Ablation and Analysis
Ablation studies confirm the critical role of each component: FIM, AST segmentation, curriculum learning, and mixed prompt formats. Removing any element degrades performance, especially on challenging datasets like LiveCodeBench. Notably, computing DPO loss on the suffix segment harms optimization, while loss on the prefix is neutral. StructureCoder's restriction of loss to the middle segment is validated as essential for precise error localization and reward assignment.

Figure 5: Credit assignment with different methods. The left is the correct response and the right is the incorrect response (error in Line 2). Each token is colored by DPO implicit reward (darker is higher).
Figure 6: Credit assignment with different methods on Qwen2.5-Coder-3B-Instruct. The left is the correct response and the right is the incorrect response (error from last token of Line 4).
Figure 7: Credit assignment with different methods on Qwen2.5-Coder-7B-Instruct. The left is the correct response and the right is the incorrect response (error in Line 6).
FIM Evaluation
Targeted FIM evaluations on APPS demonstrate that StructureCoder improves middle-span code generation across all model sizes, achieving the highest pass@1 accuracy compared to baselines. This underscores the method's robustness and generalizability in enhancing contextual reasoning for code completion.

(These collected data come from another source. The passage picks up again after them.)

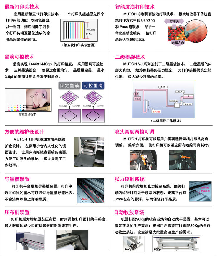 ? 最大打印幅寬1,615mm,生產速度18平米/小時;
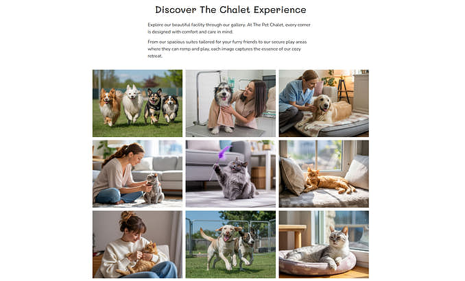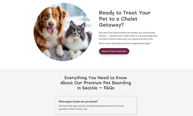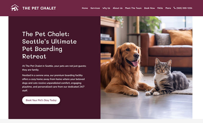 This pet boarding website template combines confident headlines with cozy design choices to help you stand out as a premium provider. The bold burgundy background and clean layout create a calm, upscale feel, while the full-width pet photo instantly makes visitors feel at ease.
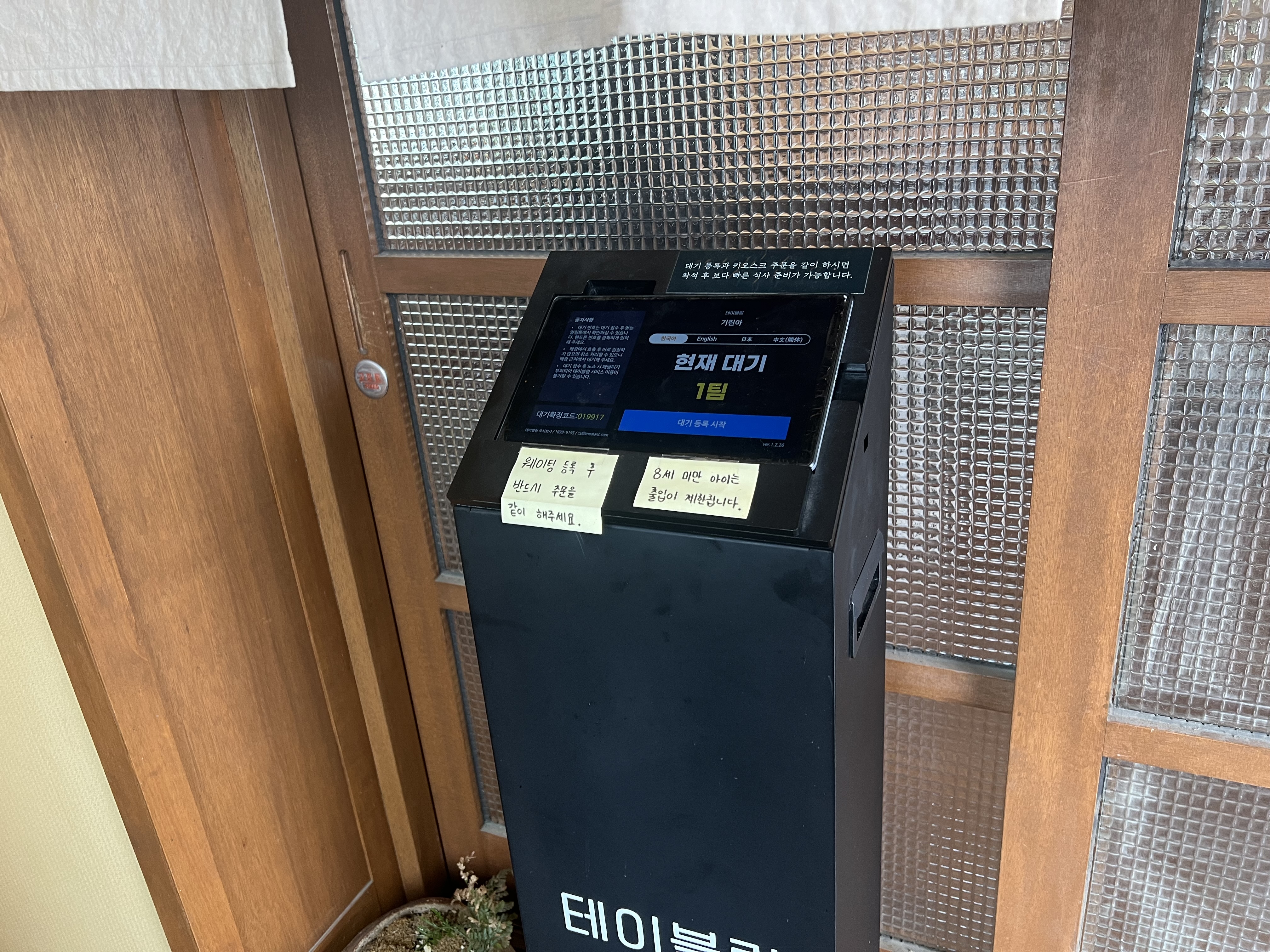 입구에 들어가시면 테이블링 예약 테블릿과 키오스크가 보이는데
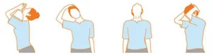 목을 천천히 좌우로 돌려주고 위 아래로 천천히 움직여주어 굳어있는 목을 풀어줍니다.
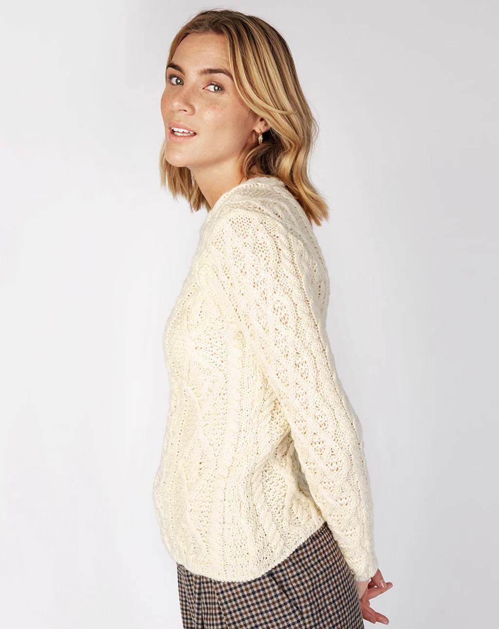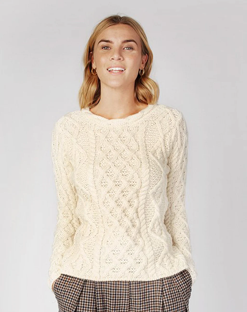 - Authentieke Aran-patronen met kabelhalsafwerking
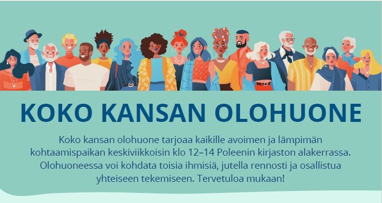 Koko kansan olohuone tarjoaa kaikille avoimen ja lämpimän kohtaamispaikan keskiviikkoisin klo 12–14 Poleenin kirjaston alakerrassa. Olohuoneessa voi kohdata toisia ihmisiä, jutella rennosti ja osallistua yhteiseen tekemiseen. Tervetuloa mukaan!
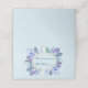 Cercle de cristaux en bleu, vert et violet pour un nom et un porte-numéro de table. Texte bleu foncé sur la couleur bleue à l'intérieur et à l'extérieur des pages.

Practical and Theoretical Implications
StructureCoder advances alignment for code LLMs by maximizing the utility of limited, test-case-verified data. The approach is data-efficient, scalable, and model-agnostic, provided the underlying LLM supports strong FIM capabilities. Theoretical implications include improved token-level reward assignment and error localization, while practical benefits encompass enhanced code generation quality, generalization, and robustness in real-world programming tasks.
Limitations and Future Directions
The method's effectiveness depends on the model's FIM proficiency, which is not universally available in current LLMs. Additionally, the approach is tailored to code generation and has not been validated in other domains. Future work may explore alternative segmentation strategies, broader application to closed-question tasks, and integration with additional data sources.
Conclusion
StructureCoder introduces a principled, data-efficient alignment strategy for code generation in LLMs, leveraging FIM and AST-based segmentation to construct fine-grained DPO preference pairs and curriculum learning. Extensive experiments demonstrate consistent improvements over existing methods, with strong performance across diverse benchmarks. The approach offers a robust framework for enhancing code LLMs, with potential for further refinement and broader applicability in AI alignment research.